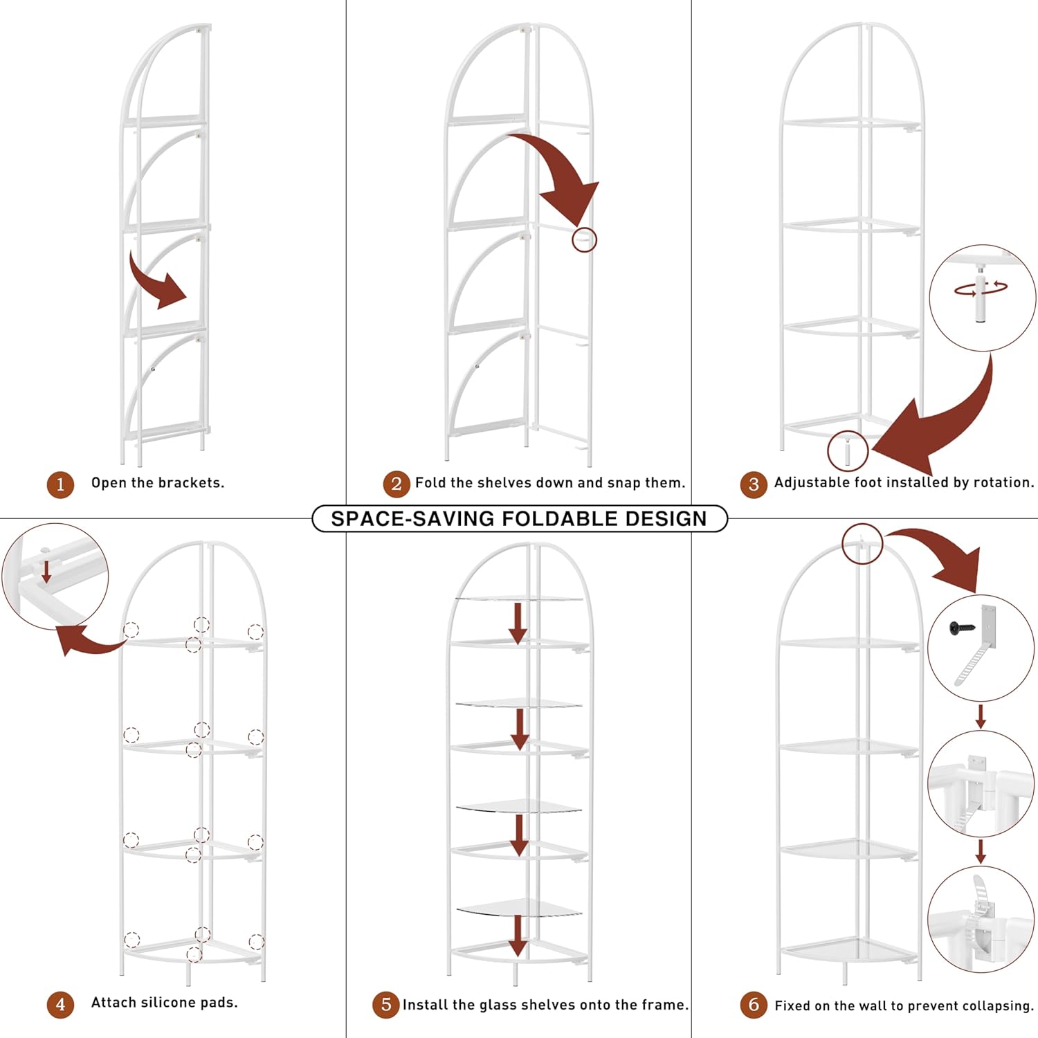 Crofy Foldable 4 Tier Corner Shelf, Metal Corner Plant Stand with White Frame and Transparent Shelves, Corner Display Rack Multipurpose Shelving Unit for Living Room, Bedroom, Bathroom
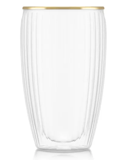 2 Verres double paroi striés bordure dorée - 0.45 L
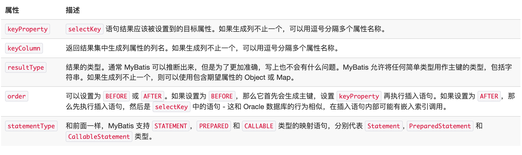 1 2 3 4 5 <selectKey keyProperty="id" resultType="int" order="BEFORE" statementType="PREPARED">
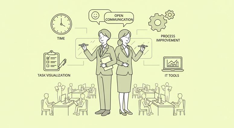 見えてきた課題に対しては、業務の整理や再配分、手順の見直しなど、現実的な改善策を一つずつ検討していくことになります。場合によっては、ITツールの活用が助けになることもあるでしょう。
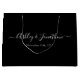Simple yet elegant gift bag features a black background paired with a whimsical script and traditional serif font. Personalise this design with names and wedding date. Further customise this design by selecting the "customise further" link under the personalise this template section.

* _WHAT TO WORK ON_: Reproduce, exactly and only, the lines of the records above starting at the line with "2 Verres double" and ending at the line with "見えてきた課題に対しては、業", both included. Leave every picture out.

* _EXERCISE RESPONSE_:
 2 Verres double paroi striés bordure dorée - 0.45 L
 1 2 3 4 5 <selectKey keyProperty="id" resultType="int" order="BEFORE" statementType="PREPARED">
 見えてきた課題に対しては、業務の整理や再配分、手順の見直しなど、現実的な改善策を一つずつ検討していくことになります。場合によっては、ITツールの活用が助けになることもあるでしょう。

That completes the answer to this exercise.